Литмир - Электронная Библиотека
A
A

Тогда поселковый совет отправил в город бумагу, что есть у них сын батрака — партизана, погибшего за советскую власть в борьбе с баями, теперь сирота, некому ни пошить на него, ни постирать, ни присмотреть за ним. В ответ на бумагу пришла телеграмма — Конгарова требовали в город.

Его отправили с попутной машиной. На Белом озере была остановка. Когда шофер и другие пассажиры пили чай, говорили о чем-то забавном, громко смеялись, Аспат пробрался в эту пустовавшую комнатку, лег вот на эту скамью. Не помнил отца, схоронил мать, и отнимают последнее — родную степь. Куда везут, зачем? И он громко заплакал.

Прибежала Тойза, начала утешать:

— Не надо. Здесь у тебя никого, там лучше будет. Не надо, большой ведь. Люди услышат — нехорошо. Что сделаешь? — бормотала она и сама плакала. Она готова была оставить его, взять в сыновья, но не знала, что так можно сделать: если уж требует начальство — тут ничего не переменишь.

От того давнего горя даже теперь у Конгарова защемило сердце, стало душно.

Аннычах принесла медный кувшин с водой и стакан, потом обе хозяйки ушли.

Распахнув окно, Конгаров жадно вдыхал ветер, который вливался через одно окно и выливался через другое. Он был все тот же — душистый, ласковый, несказанно родной ветер, какой провожал его пятнадцать лет назад.

«Будто ждал меня. И комната ждала». Он представил себе, как шли годы: у него — детский дом, рабфак, университет, музеи, экспедиции, книги, он влюблен уже в другую землю, в другую жизнь и красоту, он ушел так далеко, что обратно и пути не видно, а здесь все равно ждут не дождутся его. И ему захотелось услышать, что его ждали.

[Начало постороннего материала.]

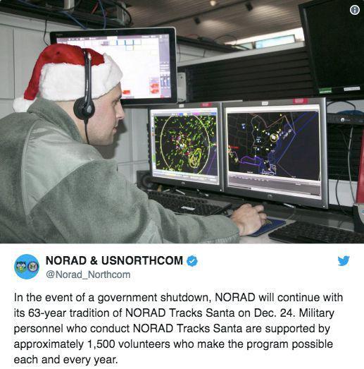 12月22日,NORAD在推特上发布预告称,从平安夜开始他们将一如既往的帮孩子们追踪圣诞老人的行踪,并且附上了一张戴着圣诞帽的兵哥哥紧盯雷达图的工作照。

Позвал Тойзу, но пришла Аннычах.

— В ней никто не жил? — спросил Конгаров, обводя глазами комнатку.

— Никто.

— А это? — потрогал пепельницу, пошуршал спичками. — Ждете кого-нибудь? Ждали?

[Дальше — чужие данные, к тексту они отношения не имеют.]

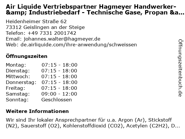 3 Hagmeyer Handwerker- und Industriebedarf (Ladengeschäft) (Entfernung: 0,02 km) Heidenheimer Str. 62, 73312 Geislingen 4 Hagmeyer Handwerker und Industriebedarf GmbH Zentrale (Entfernung: 0,02 km) Heidenheimer Str. 62, 73312 Geislingen 5 Beck & Co Industriebedarf - Geislingen Verkaufsbüro - Bürozeiten (Entfernung: 0,17 km) Karl-Benz-Straße 6, 73312 Geislingen an der Steige 6  |

— Мало ли какой человек может приехать. Вот вы.

Ему стало радостно: пусть не одного его, а все-таки ждали.

Аннычах стояла в пролете двери, смущенно одергивая рукавчики платья: теперь оно и ей казалось коротковатым. Не потому ли гость смотрит на нее так внимательно. Вспомнила слова матери: «Скажут, что Урсанах и одну дочку не может прикрыть как следует».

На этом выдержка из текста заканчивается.